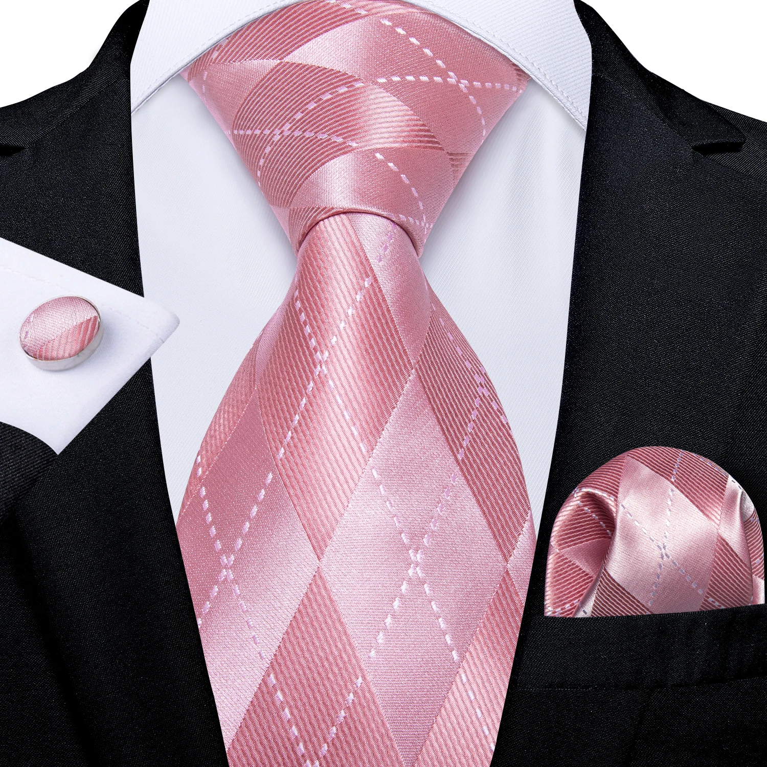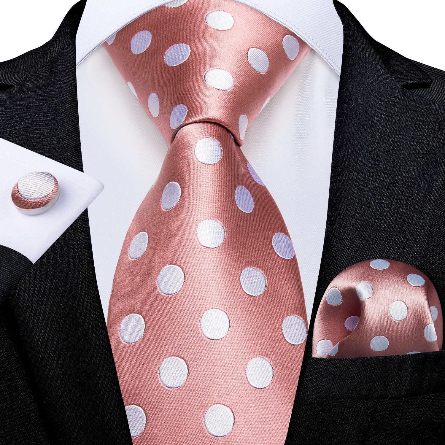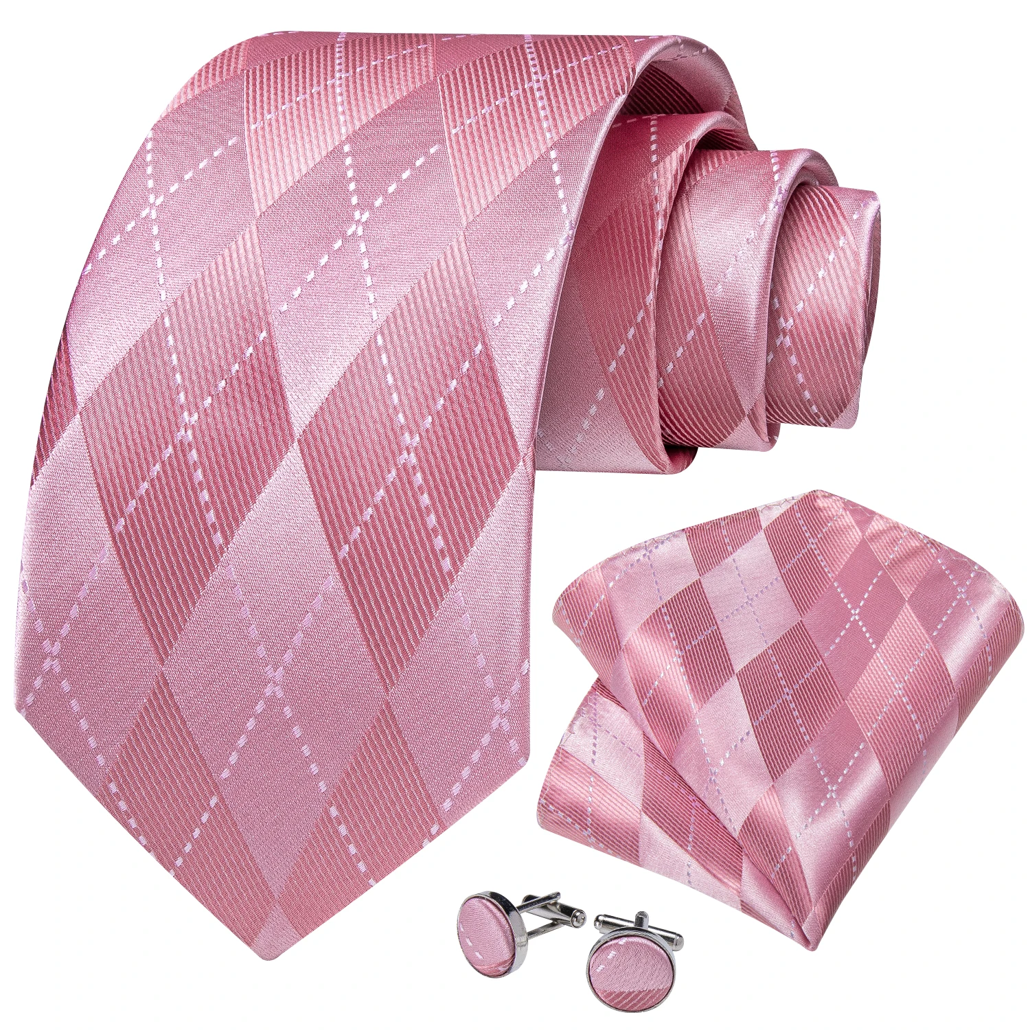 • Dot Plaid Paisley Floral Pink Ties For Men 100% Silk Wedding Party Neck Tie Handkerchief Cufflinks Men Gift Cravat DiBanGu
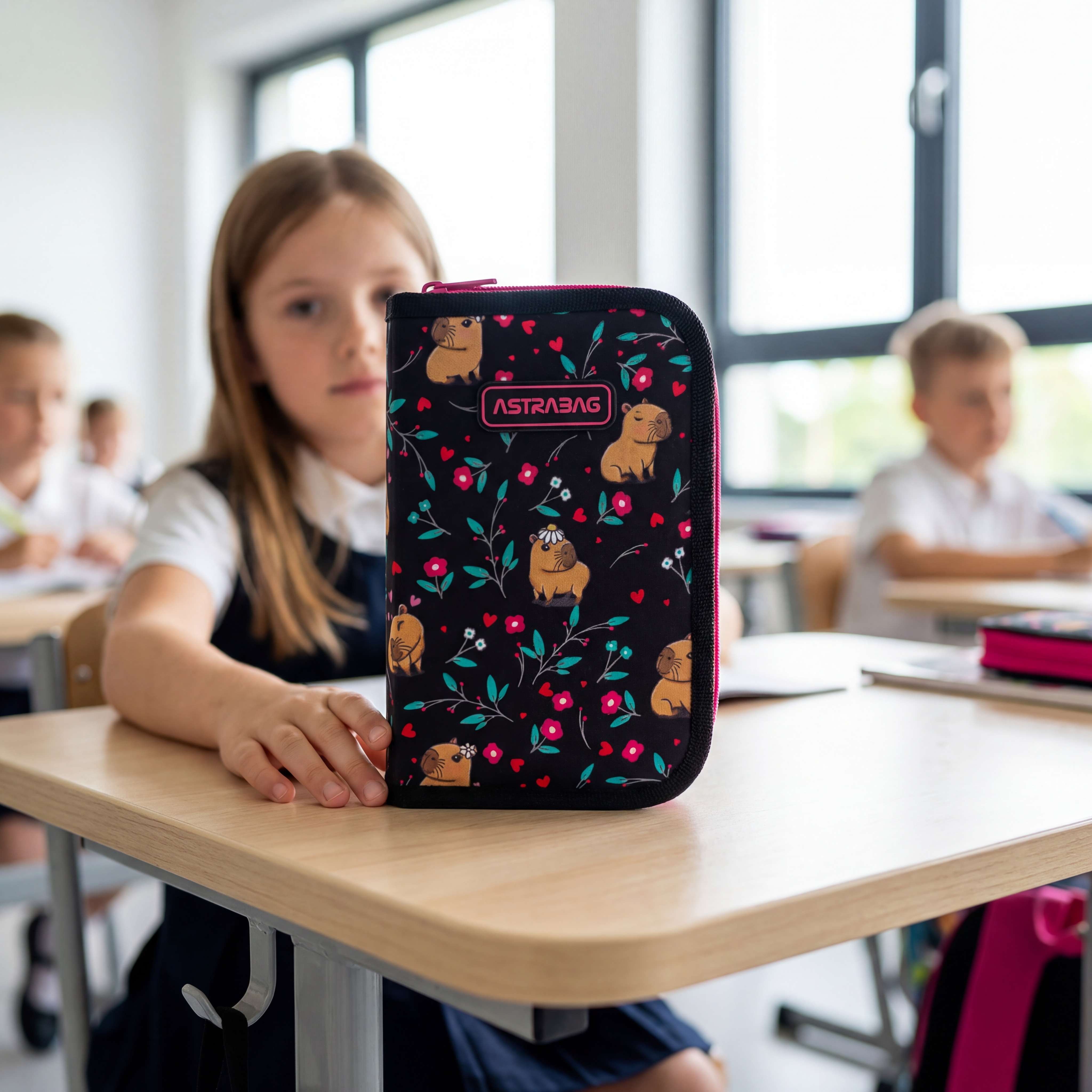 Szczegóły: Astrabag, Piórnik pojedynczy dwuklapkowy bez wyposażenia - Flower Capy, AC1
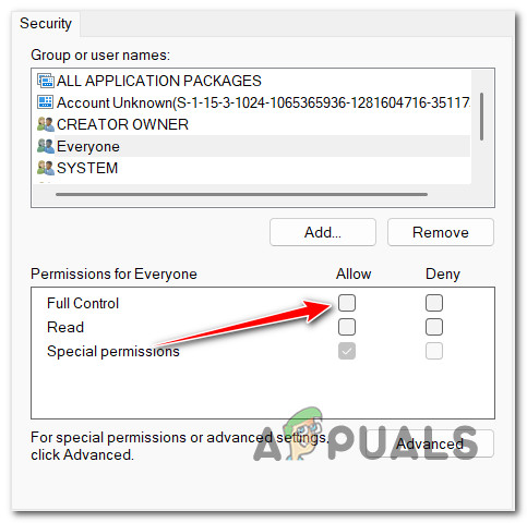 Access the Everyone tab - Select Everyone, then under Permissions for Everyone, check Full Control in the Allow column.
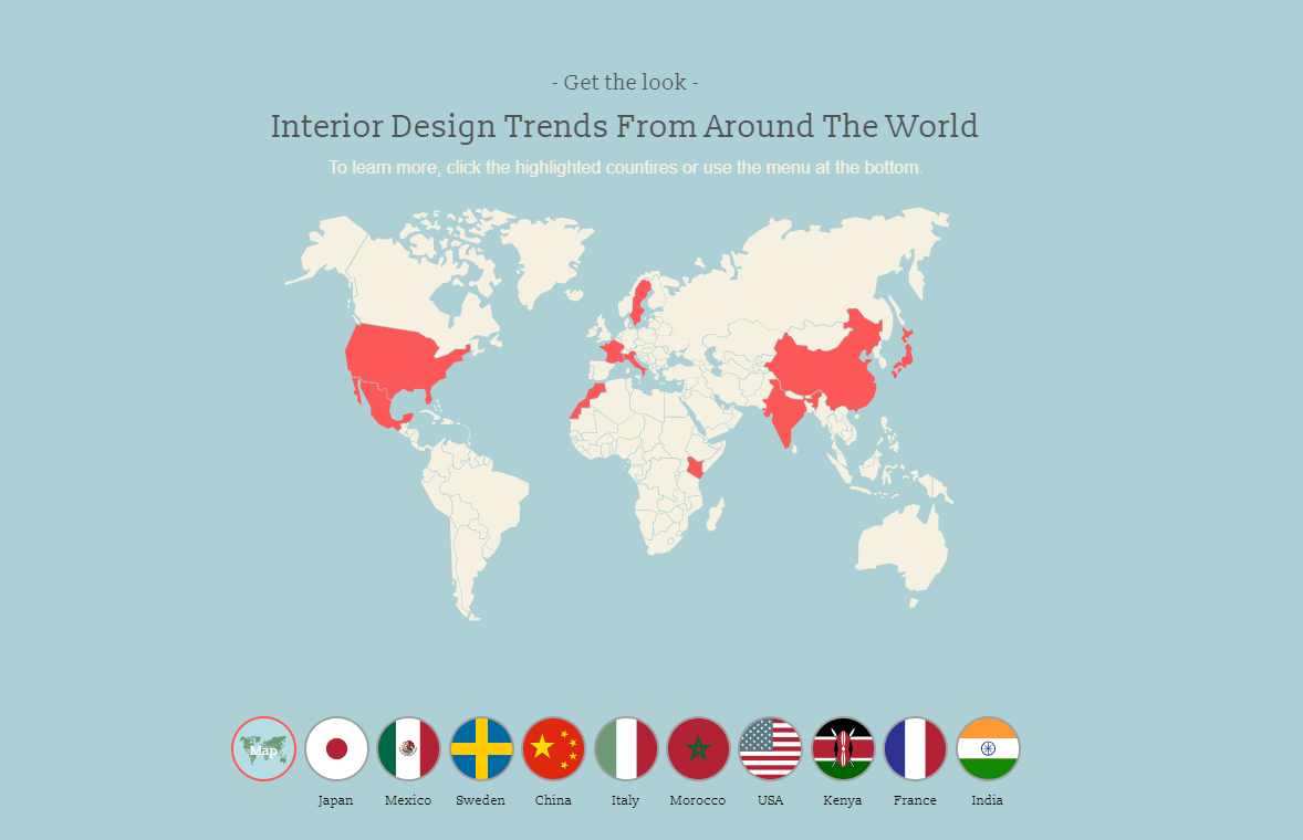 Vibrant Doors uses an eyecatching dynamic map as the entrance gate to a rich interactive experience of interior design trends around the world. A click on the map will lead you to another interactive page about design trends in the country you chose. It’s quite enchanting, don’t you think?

▬▬▬

▶ [Prompt] In the listing above, find the line with "Szczegóły: Astrabag, Piórnik" and output it and every line after it up to and including the line with "Access the Everyone", exactly, minus the pictures.

▶ [Output for this task]
 Szczegóły: Astrabag, Piórnik pojedynczy dwuklapkowy bez wyposażenia - Flower Capy, AC1
 Access the Everyone tab - Select Everyone, then under Permissions for Everyone, check Full Control in the Allow column.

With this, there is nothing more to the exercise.